____ Information shown
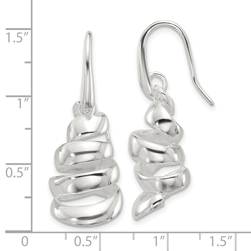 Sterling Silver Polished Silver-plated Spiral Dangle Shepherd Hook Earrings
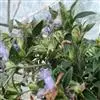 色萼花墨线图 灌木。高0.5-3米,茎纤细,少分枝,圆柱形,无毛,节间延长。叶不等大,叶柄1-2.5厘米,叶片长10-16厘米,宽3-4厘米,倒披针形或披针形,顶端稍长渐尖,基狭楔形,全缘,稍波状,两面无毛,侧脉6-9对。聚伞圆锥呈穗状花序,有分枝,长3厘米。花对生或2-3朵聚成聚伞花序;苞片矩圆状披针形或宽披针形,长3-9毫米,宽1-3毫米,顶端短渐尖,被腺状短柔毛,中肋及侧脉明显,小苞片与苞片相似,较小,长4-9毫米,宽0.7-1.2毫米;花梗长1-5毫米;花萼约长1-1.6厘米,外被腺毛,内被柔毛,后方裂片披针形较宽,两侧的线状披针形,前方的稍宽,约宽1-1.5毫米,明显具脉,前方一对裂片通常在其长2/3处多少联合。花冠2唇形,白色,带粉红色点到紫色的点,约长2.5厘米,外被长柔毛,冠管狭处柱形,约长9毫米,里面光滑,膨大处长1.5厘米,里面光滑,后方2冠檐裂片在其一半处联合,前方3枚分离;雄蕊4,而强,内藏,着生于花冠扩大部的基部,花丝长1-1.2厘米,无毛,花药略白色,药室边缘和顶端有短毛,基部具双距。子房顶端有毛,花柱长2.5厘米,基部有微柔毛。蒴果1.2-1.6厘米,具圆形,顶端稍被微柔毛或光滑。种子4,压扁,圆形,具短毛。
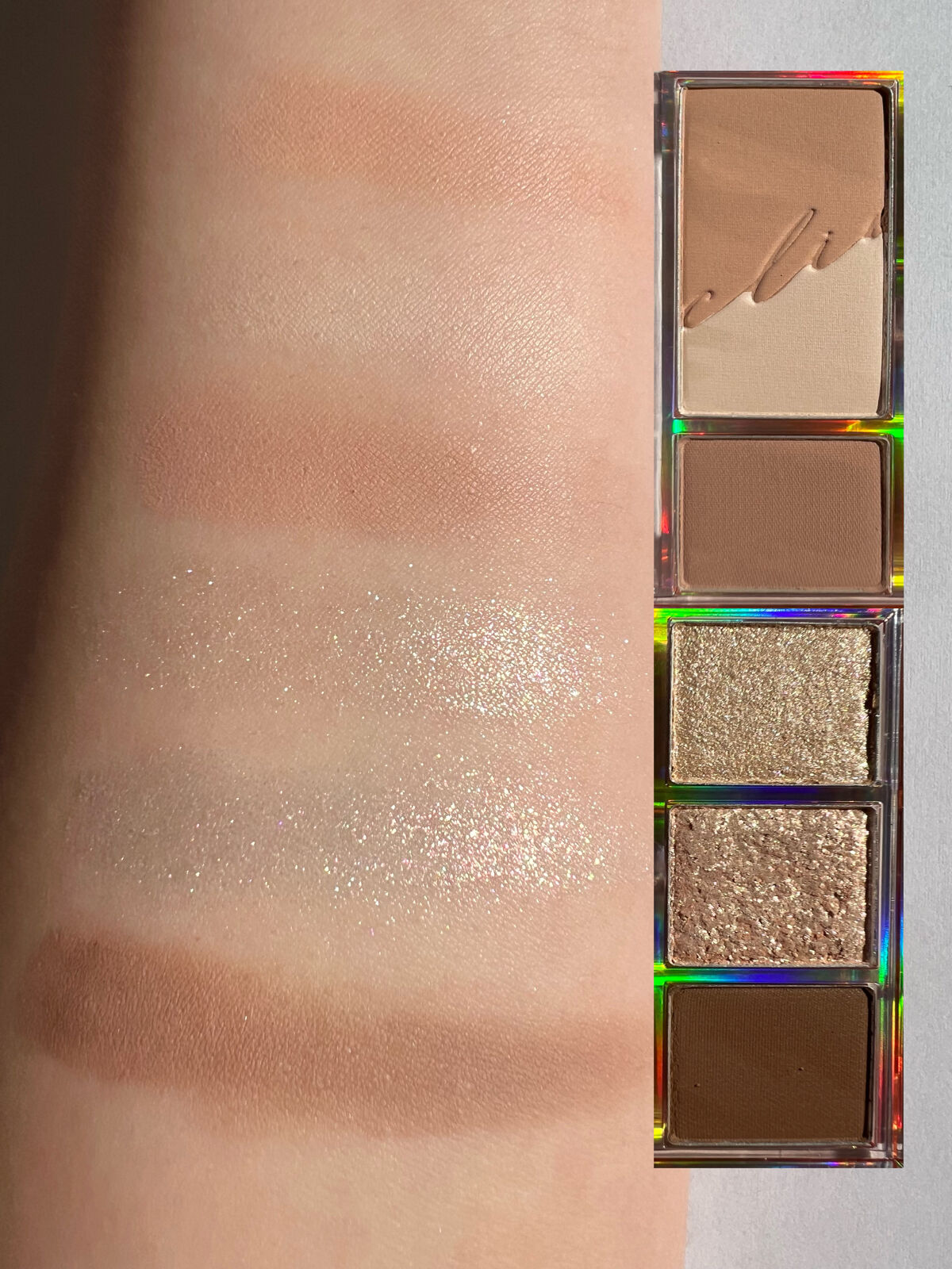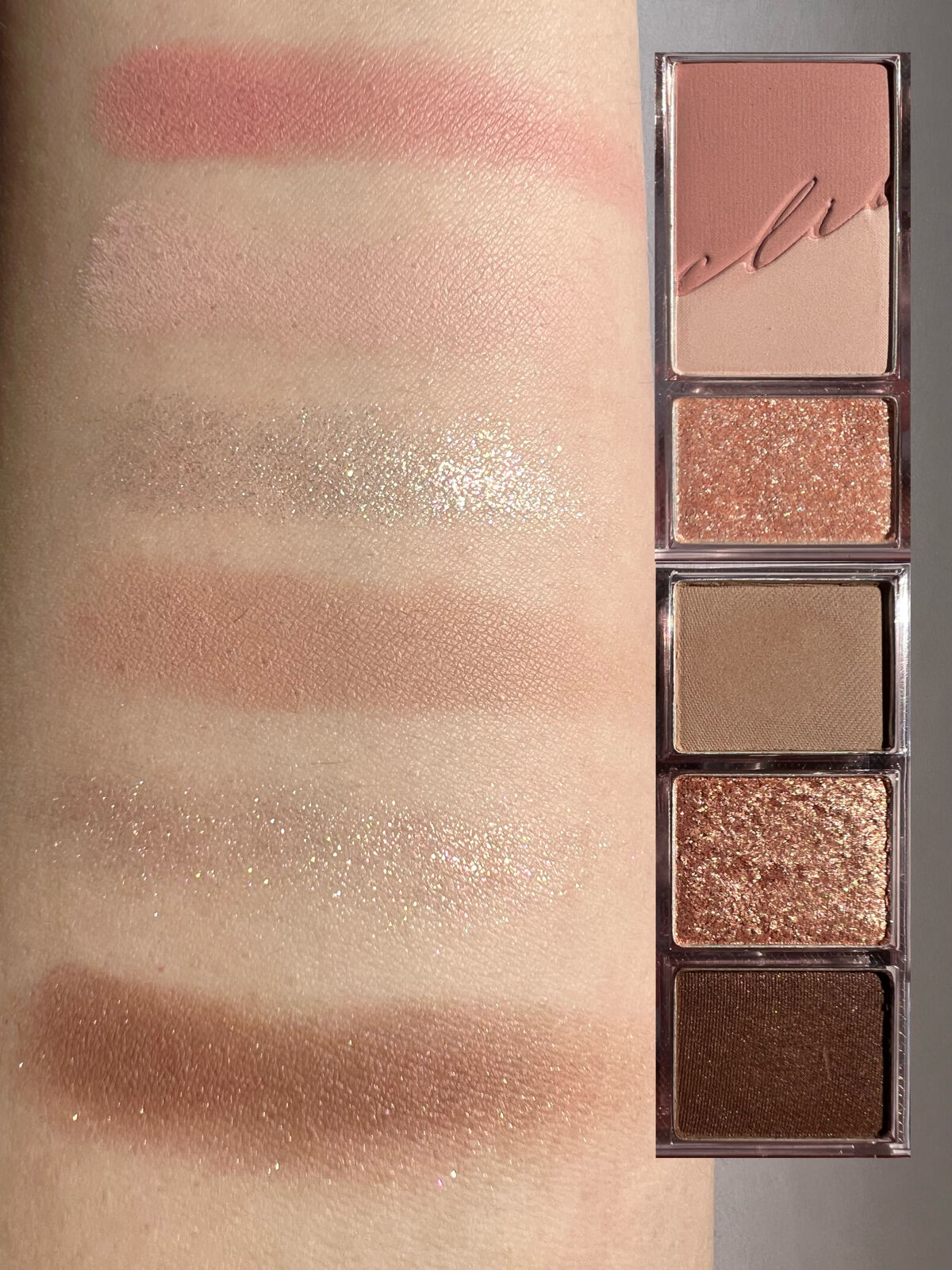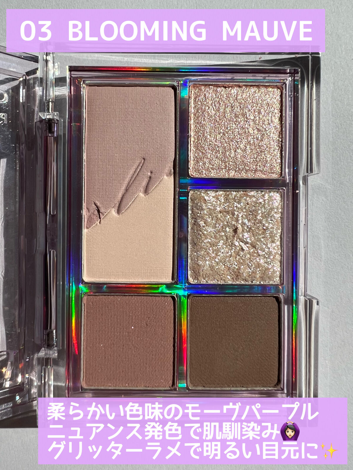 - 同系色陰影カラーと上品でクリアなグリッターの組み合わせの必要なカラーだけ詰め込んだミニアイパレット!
________
# Required work
When you retype the material above, copy each line exactly and drop whatever images appear in it.

# Result of this task
 Sterling Silver Polished Silver-plated Spiral Dangle Shepherd Hook Earrings
 色萼花墨线图 灌木。高0.5-3米,茎纤细,少分枝,圆柱形,无毛,节间延长。叶不等大,叶柄1-2.5厘米,叶片长10-16厘米,宽3-4厘米,倒披针形或披针形,顶端稍长渐尖,基狭楔形,全缘,稍波状,两面无毛,侧脉6-9对。聚伞圆锥呈穗状花序,有分枝,长3厘米。花对生或2-3朵聚成聚伞花序;苞片矩圆状披针形或宽披针形,长3-9毫米,宽1-3毫米,顶端短渐尖,被腺状短柔毛,中肋及侧脉明显,小苞片与苞片相似,较小,长4-9毫米,宽0.7-1.2毫米;花梗长1-5毫米;花萼约长1-1.6厘米,外被腺毛,内被柔毛,后方裂片披针形较宽,两侧的线状披针形,前方的稍宽,约宽1-1.5毫米,明显具脉,前方一对裂片通常在其长2/3处多少联合。花冠2唇形,白色,带粉红色点到紫色的点,约长2.5厘米,外被长柔毛,冠管狭处柱形,约长9毫米,里面光滑,膨大处长1.5厘米,里面光滑,后方2冠檐裂片在其一半处联合,前方3枚分离;雄蕊4,而强,内藏,着生于花冠扩大部的基部,花丝长1-1.2厘米,无毛,花药略白色,药室边缘和顶端有短毛,基部具双距。子房顶端有毛,花柱长2.5厘米,基部有微柔毛。蒴果1.2-1.6厘米,具圆形,顶端稍被微柔毛或光滑。种子4,压扁,圆形,具短毛。
 - 同系色陰影カラーと上品でクリアなグリッターの組み合わせの必要なカラーだけ詰め込んだミニアイパレット!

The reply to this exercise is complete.